To complete the square, divide each term by the leading coeficent in the first term.
\(\frac{-3x{}^{2}}{-3}-\frac{15x}{-3}=\frac{-42}{-3}\)
\({x}^{2}-(-5x)=14\)
\({x}^{2}+5x=14\)
Now take the term that has the x and divide its coeficent by two and then square it.
\(({\frac{5}{2}})^{2}\)
\(({2.5})^{2}\)
\(6.25\)
Take the answer and add to both side of the equation.
\({x}^{2}+5x+6.25=14+6.25\)
\({x}^{2}+5x+6.25=20.25\)
Factor the left side
\(({x+2.5})^{2}=20.25\)
Take the square root of both sides.
\(\sqrt{({x+2.5})^{2}}=\sqrt{20.25}\)
\(x+2.5=±4.5\)
Seperate the equation into two equations and solve for x.
\(x+2.5-2.5=4.5-2.5\)
\(x+0=2\)
\(x=2\)
\(x+2.5-2.5=-4.5-2.5\)
\(x+0=-7\)
\(x=-7\)
\(x=2\) or \(x=-7\)
Subsitute 2 and -7 for x and check to see if these solutions are true.
\({-3(2)}^{2}-15(2)=-42\)
\(-3(4)-15(2)=-42\)
\(-3(4)-30=-42\)
\(-12-30=-42\)
\(-42=-42\)
\({-3(-7)}^{2}-15(-7)=-42\)
\(-3(49)-15(-7)=-42\)
\(-3(49)-(-105)=-42\)
\(-147-(-105)=-42\)
\(-147+105=-42\)
\(-42=-42\)
Both 2 and -7 work, so those are both solutions.
2) \({x}^{2}-2x-8=0\)
There are many ways to solve this equation. The easiest way to solve this is to factor the left side.
\((x+2)(x-4)=0\)
Solve for x.
\(x+2 = 0\)
\(x+2-2=0-2\)
\(x+0=-2\)
\(x=-2\)
\(x-4=0\)
\(x-4+4=0+4\)
\(x-0=4\)
\(x=4\)
\(x=-2\) or \(x=4\)
Subsitute -2 and 4 for x and check to see if these solutions are true.
\({(-2)}^{2}-2(-2)-8=0\)
\(4-2(-2)-8=0\)
\(4-(-4)-8=0\)
\(4+4-8=0\)
\(8-8=0\)
\(0=0\)
\({4}^{2}-2(4)-8=0\)
\(16-2(4)-8=0\)
\(16-8-8=0\)
\(8-8=0\)
\(0=0\)
Both -2 and 4 work, so those are both solutions.
3) \(\sqrt{x}+6=x\)
Subtract 6 to both sides.
\(\sqrt{x}+6-6=x-6\)
\(\sqrt{x}+0=x-6\)
\(\sqrt{x}=x-6\)
Square both sides.
\({\sqrt{x}}^{2}={(x-6)}^{2}\)
\(x={(x-6)}^{2}\)
Expand the right side
\(x=(x-6)(x-6)\)
\(x={x}^{2}-6x-6x+36\)
\(x={x}^{2}-12x+36\)
Subtract x^2-12x+36 to both sides.
\(x-({x}^{2}-12x+36)={x}^{2}-12x+36-({x}^{2}-12x+36)\)

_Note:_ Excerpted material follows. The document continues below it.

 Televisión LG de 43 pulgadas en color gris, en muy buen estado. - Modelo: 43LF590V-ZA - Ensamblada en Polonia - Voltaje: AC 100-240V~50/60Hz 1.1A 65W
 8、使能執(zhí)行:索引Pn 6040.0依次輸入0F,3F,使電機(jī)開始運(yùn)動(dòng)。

\(x-{x}^{2}+12x-36={x}^{2}-12x+36-{x}^{2}+12x-36\)
Combine like terms.
\(-{x}^{2}+13x-36={0x}^{2}-0x+0\)
\(-{x}^{2}+13x-36=0-0x+0\)
\(-{x}^{2}+13x-36=0-0+0\)
\(-{x}^{2}+13x-36=0+0\)
\(-{x}^{2}+13x-36=0\)
Divide both sides by -1.
\(\frac{{-x}^{2}}{-1}+\frac{13x}{-1}-\frac{36}{-1}=\frac{0}{-1}\)
\({x}^{2}-13x+36=0\)
You can also multiply both sides by -1 and will get the same result.

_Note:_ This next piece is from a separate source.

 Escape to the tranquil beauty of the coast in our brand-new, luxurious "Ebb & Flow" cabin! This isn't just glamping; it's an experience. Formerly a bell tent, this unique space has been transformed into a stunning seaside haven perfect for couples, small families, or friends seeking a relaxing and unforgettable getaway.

\(-{x}^{2}\times-1+13x\times-1-36\times-1=0\times-1\)
\({x}^{2}-13x+36=0\)
Factor the left side.
\((x-9)(x-4)=0\)
Solve for x.
\(x-9=0\)
\(x-9+9=0+9\)
\(x-0=9\)
\(x=9\)
\(x-4=0\)
\(x-4+4=0+4\)
\(x-0=4\)
\(x=4\)
\(x=9\) or \(x=4\)
Subsitute 9 and 4 for x and check to see if these solutions are true.
\(\sqrt{9}+6=9\)
\(3+6=9\)
\(9=9\)
\(\sqrt{4}+6=4\)
\(2+6=4\)
\(8=4\)
Since 9 works and 4 does not work, the only solution is 9.